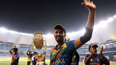 श्रीलंकेचा कर्णधार दासुन शनाका आशिया चषकाची ट्रॉफी घेतल्यानंतर...
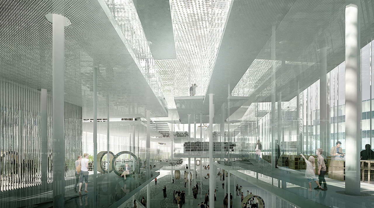 ☉ Helsinki Central Library is a proposal by MenoMenoPiu Architects for Helsinki Municipality designed in 2012. It is located in Helsinki Finland in a railway and park setting. Its scale is medium with a surface of 4.500 sqm. Key materials are glass and metal. +imgs collaborated as visualizer. Concepts such as atrium structural praise linear block and grid are explored. Review the 7 proposals for the same competition.
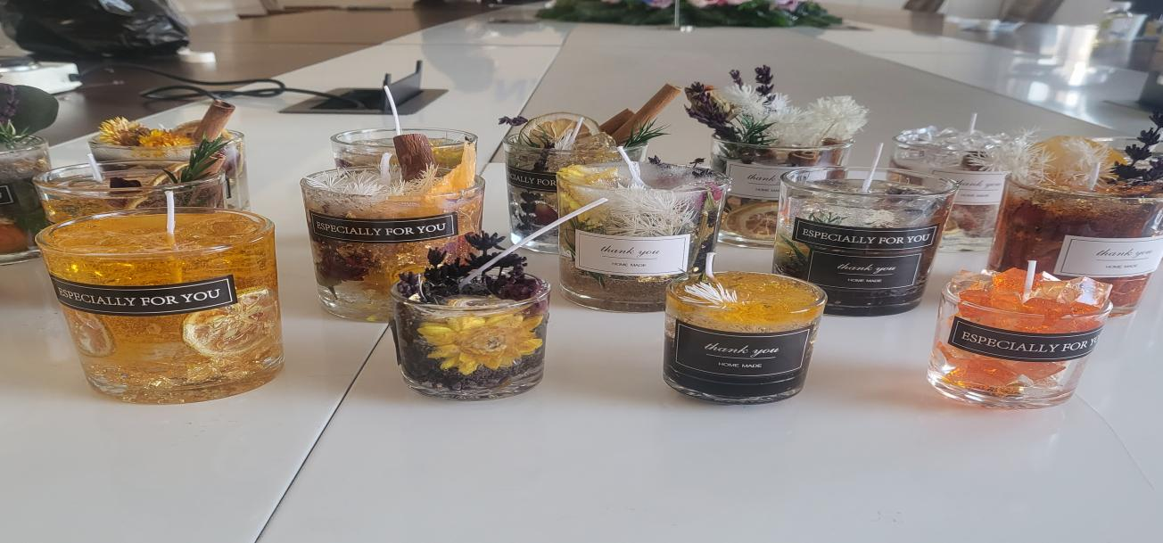 大家充分發(fā)揮創(chuàng)造力,經(jīng)過近一個(gè)小時(shí)的精心制作,一份份獨(dú)特的、充滿創(chuàng)意的香薰蠟燭完美的展現(xiàn)在我們面前。作品中香薰造型各異,也代表著大家不同的心境與體驗(yàn),鮮亮的橙色、清新綠色、淡雅的白色,花立于杯中,或安靜或?yàn)⒚?,給人以美的享受。
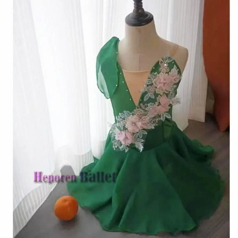 Girl Simple Chiffon Cupid Ballet Short Dress With Flower Decoration For Practice, Summer Elegant Modern Dance Skirt
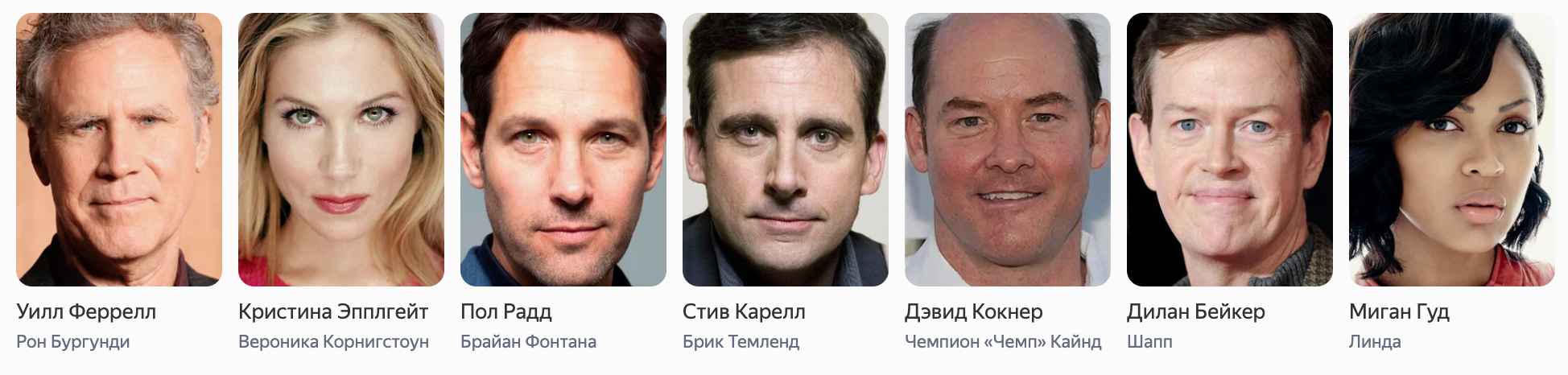 - Александр Феклистов — Сан Саныч («Год Собаки», «Отряд», «Упасть вверх», «В августе 44-го», «Любовь с привилегиями», «Катя: Военная история», «Классные мужики»);
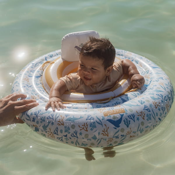 Pływający fotelik w formie okrągłego siedziska idealnie sprawdzi się do oswajania małego dziecka z wodą oraz początków nauki pływania. Koło posiada siedzisko z miejscem na nóżki zabezpieczające malucha przed zsunięciem się do wody, natomiast dmuchane oparcie zapewni bezpieczeństwo i komfort podczas przyjemnego unoszenia się na wodzie.
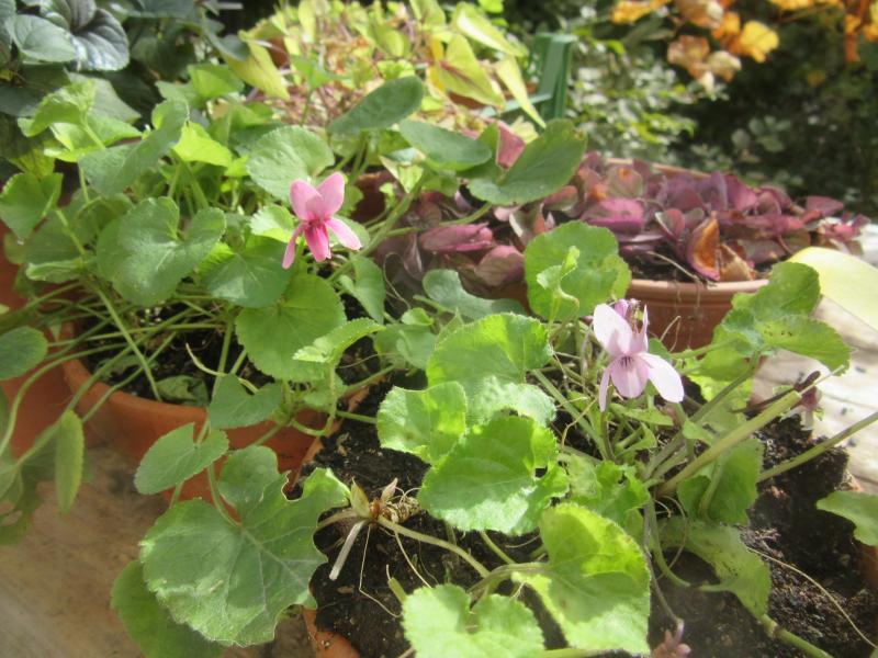 Hier geht der Veilchenherbst bei diversen Sorten weiter, nie voll, immer wieder mal einzelne oder zwei/drei Blüten. Heute Nachmittag schien die Sonne, was dann reichte, dass der Duft unterschwellig in der Luft lag, klasse! Auf dem Bild stellvertretend links vielleicht ein Sämling von `Coeur de Alsac´ `Coeur d'Alsace´ (hätte was Anderes sein sollen) und rechts `Orchid Pink´, mit ihrer fein ziselierten Schlundstreifung.
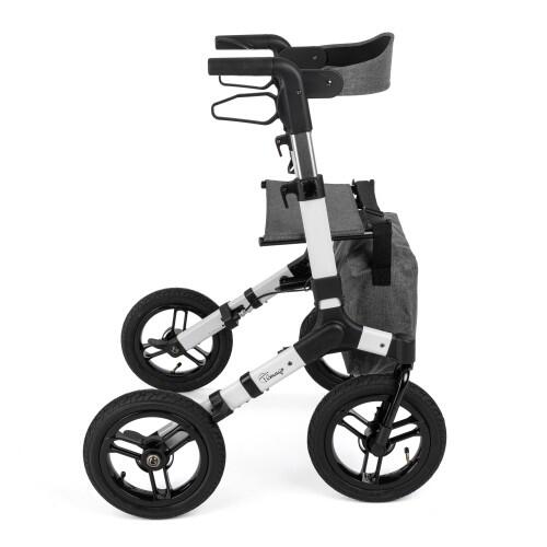- ima pnevmatska kolesa premera 12” in po višini nastavljive ročaje, zaključene z anatomskimi ročaji,
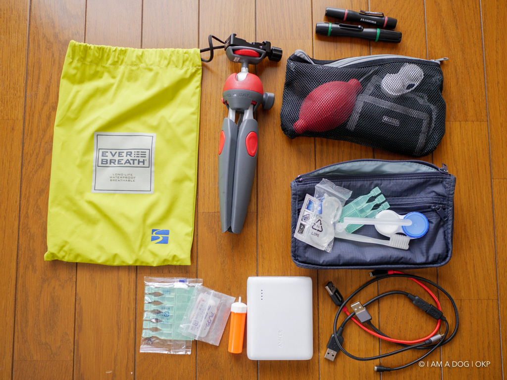 ブロワやミニ三脚、レンズペン、レンズティッシュといったカメラ関連の小物。大容量のモバイルバッテリー、充電ケーブル類、目薬、常備薬、予備コンタクトがここにも。

• • • • •

● **Work instructions**: Return only the stretch above from the line containing "the same competition." through the line containing "Pływający fotelik w", word for word and without pictures.

● **Task response**:
 ☉ Helsinki Central Library is a proposal by MenoMenoPiu Architects for Helsinki Municipality designed in 2012. It is located in Helsinki Finland in a railway and park setting. Its scale is medium with a surface of 4.500 sqm. Key materials are glass and metal. +imgs collaborated as visualizer. Concepts such as atrium structural praise linear block and grid are explored. Review the 7 proposals for the same competition.
 大家充分發(fā)揮創(chuàng)造力,經(jīng)過近一個(gè)小時(shí)的精心制作,一份份獨(dú)特的、充滿創(chuàng)意的香薰蠟燭完美的展現(xiàn)在我們面前。作品中香薰造型各異,也代表著大家不同的心境與體驗(yàn),鮮亮的橙色、清新綠色、淡雅的白色,花立于杯中,或安靜或?yàn)⒚?,給人以美的享受。
 Girl Simple Chiffon Cupid Ballet Short Dress With Flower Decoration For Practice, Summer Elegant Modern Dance Skirt
 - Александр Феклистов — Сан Саныч («Год Собаки», «Отряд», «Упасть вверх», «В августе 44-го», «Любовь с привилегиями», «Катя: Военная история», «Классные мужики»);
 Pływający fotelik w formie okrągłego siedziska idealnie sprawdzi się do oswajania małego dziecka z wodą oraz początków nauki pływania. Koło posiada siedzisko z miejscem na nóżki zabezpieczające malucha przed zsunięciem się do wody, natomiast dmuchane oparcie zapewni bezpieczeństwo i komfort podczas przyjemnego unoszenia się na wodzie.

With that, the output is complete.